━━ Records to process ━━
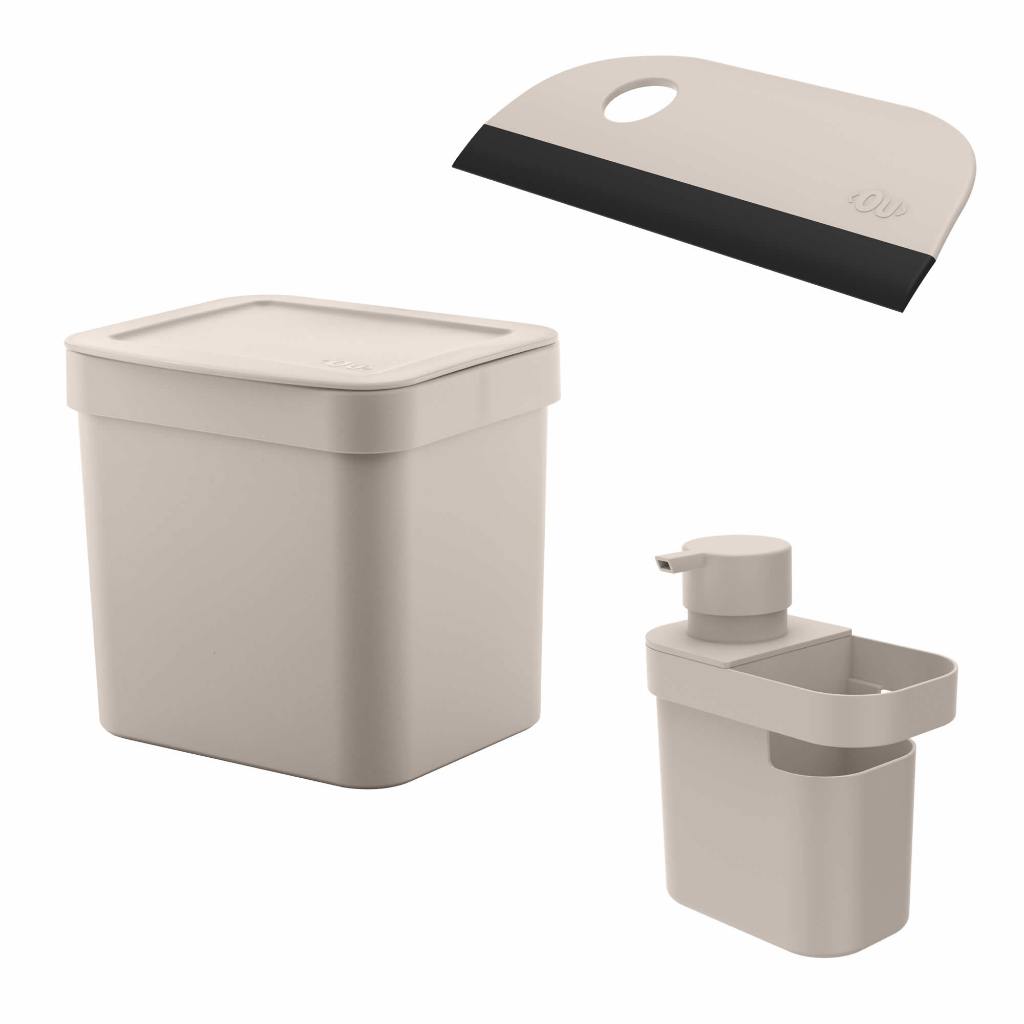 Kit Para Pia Cozinha Lixeira 4,7Lts Dispenser Detergente 650ml Rodo Compacto OU Promo
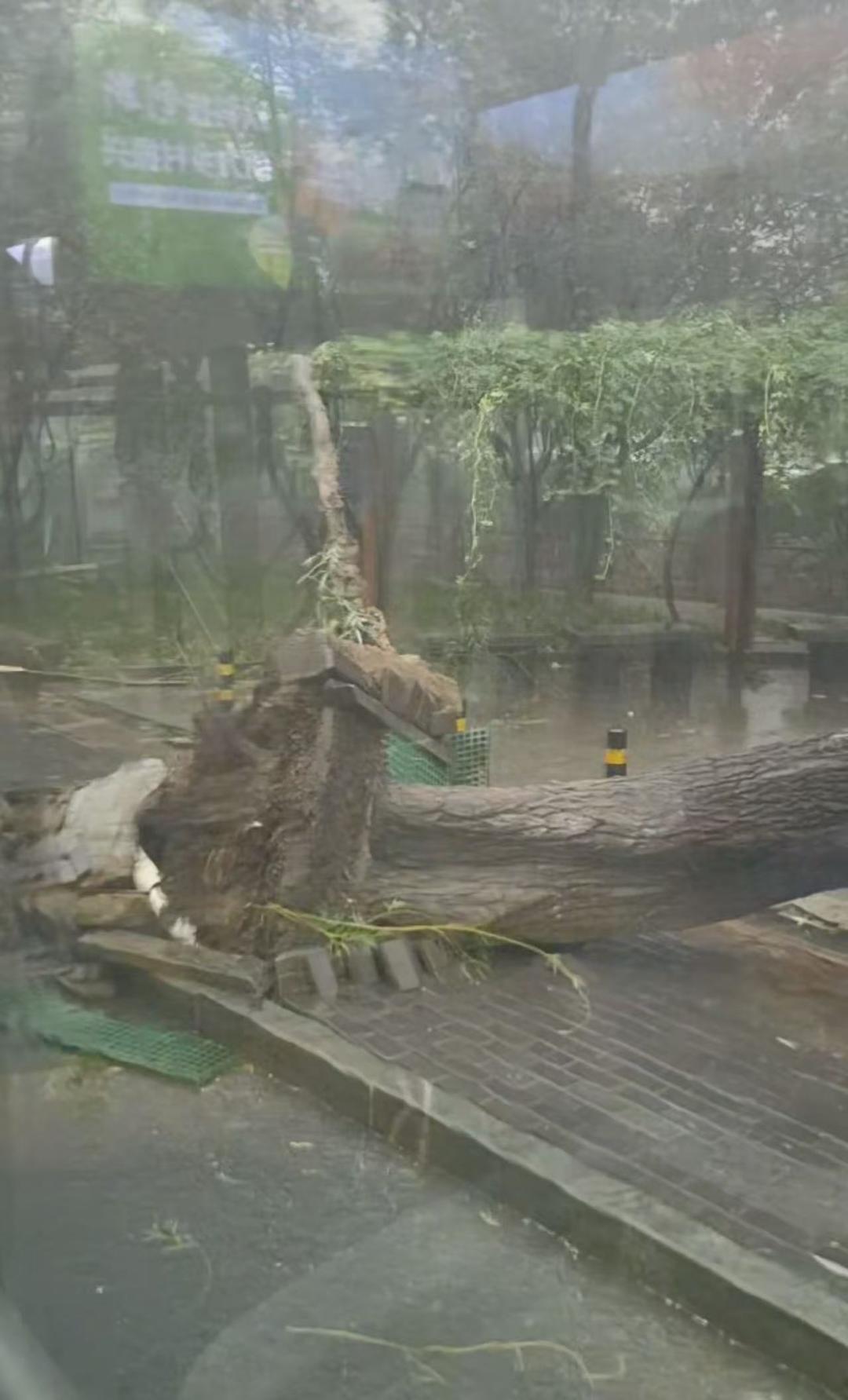 赵先生说,大概不到10分钟,路上的水就漫过脚脖子了,“等了大概一小时,雨小了我就往回赶,路边很多碗口粗的树被刮倒了。”
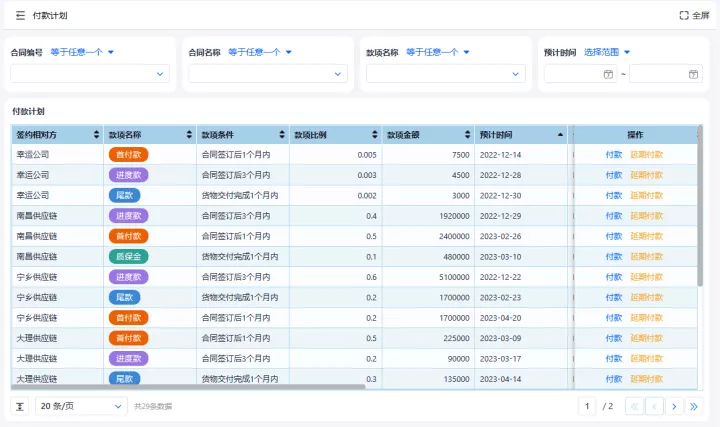 付款计划展示所有采购合同的付款计划,在此报表可做付款和申请延期付款的操作。
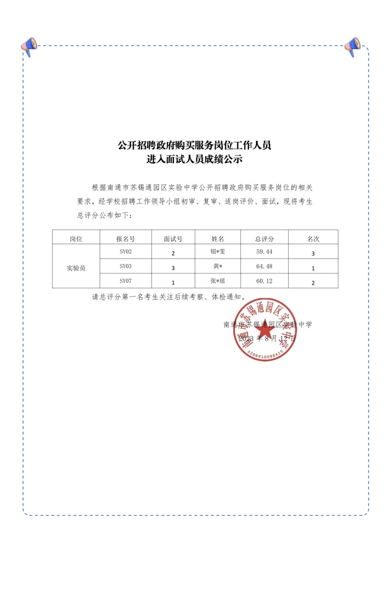 南通市苏锡通园区实验中学2023年公开招聘政府购买服务岗位工作人员进入面试人员成绩公示
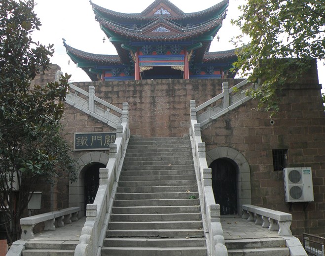 “鐵門關(guān)”有兩處:庫(kù)爾勒鐵門關(guān)和武漢鐵門關(guān)。庫(kù)爾勒鐵門關(guān)位于庫(kù)爾勒市北郊8公里處,扼孔雀河上游陡峭峽谷的出口,曾是南北疆交通的天險(xiǎn)要沖,古代“絲綢之路”中道咽喉。晉代在這里設(shè)關(guān),因其險(xiǎn)固,故稱"鐵門關(guān)",列為中國(guó)古代二十六名關(guān)之一。謝彬《新疆游記》中有"兩山夾峙,一線中通,路倚奇石,側(cè)臨深澗,水流澎湃,日夜有聲,彎環(huán)曲折,時(shí)有大風(fēng),行者心戒"的記述?!端?jīng)注》中稱鐵門關(guān)所在的峽谷為"鐵門關(guān)",后人叫它"遮留谷"。鐵門關(guān)自古以來(lái)就是兵家必爭(zhēng)之地,關(guān)旁絕壁上還留有"襟山帶河"4個(gè)隸書大字。如今關(guān)旁山坡上還留有古代屯兵的遺址。西漢張騫銜命出使西域曾路經(jīng)鐵門關(guān),班超也曾飲馬于孔雀河,故而人們又稱孔雀河為飲馬河"。唐代邊塞詩(shī)人岑參登鐵門關(guān)曾賦詩(shī)一首:"鐵關(guān)天西涯,極目少行客,關(guān)旁一小吏,終日對(duì)石壁,橋跨千仞危,路盤兩崖窄。試登西樓望,一望頭欲白"。這首詩(shī),真實(shí)而生動(dòng)的描繪出了鐵門關(guān)的險(xiǎn)峻,前涼楊宣部將張植進(jìn)屯鐵門關(guān),擊敗焉耆王龍熙于遮留谷。
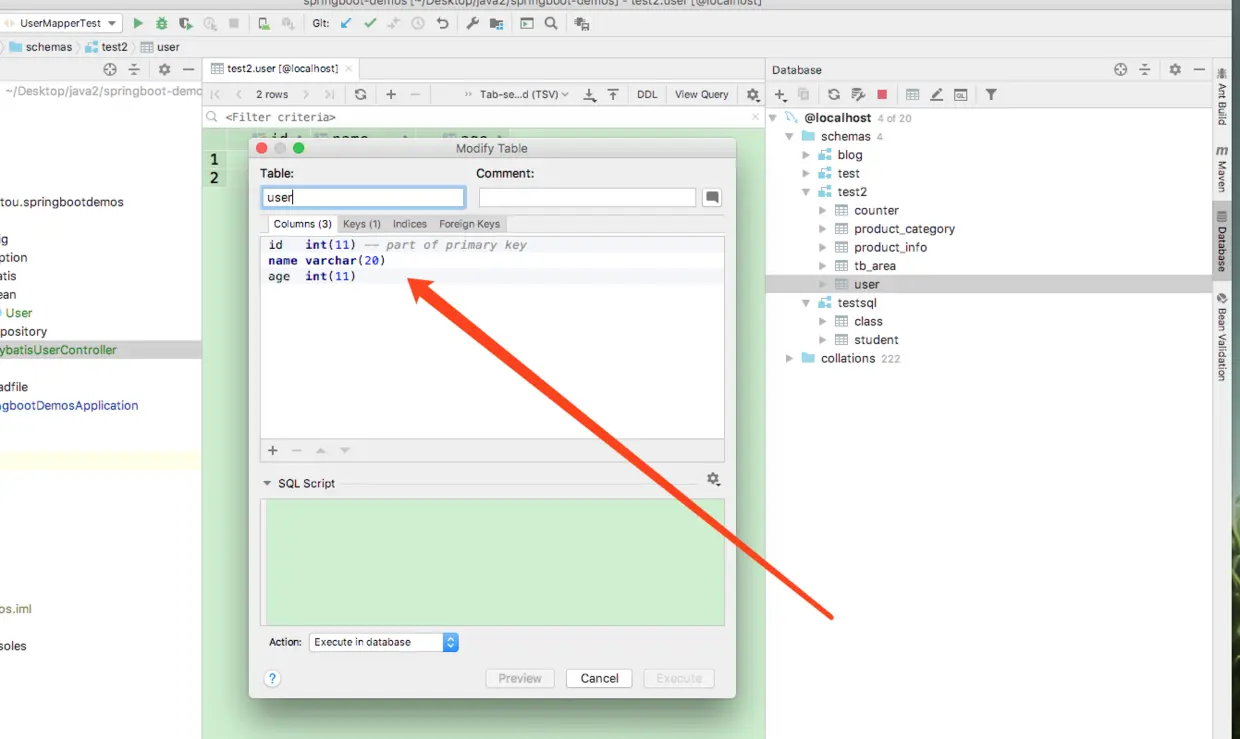 我们这里就简单的创建一个user类,和我们的user表对应,只有id,name,age三个字段
━━━
» Task details
Write out, word for word, the lines from the start of the data through the one holding "南通市苏锡通园区实验中学20". Omit pictures.

» Result of this task
 Kit Para Pia Cozinha Lixeira 4,7Lts Dispenser Detergente 650ml Rodo Compacto OU Promo
 赵先生说,大概不到10分钟,路上的水就漫过脚脖子了,“等了大概一小时,雨小了我就往回赶,路边很多碗口粗的树被刮倒了。”
 付款计划展示所有采购合同的付款计划,在此报表可做付款和申请延期付款的操作。
 南通市苏锡通园区实验中学2023年公开招聘政府购买服务岗位工作人员进入面试人员成绩公示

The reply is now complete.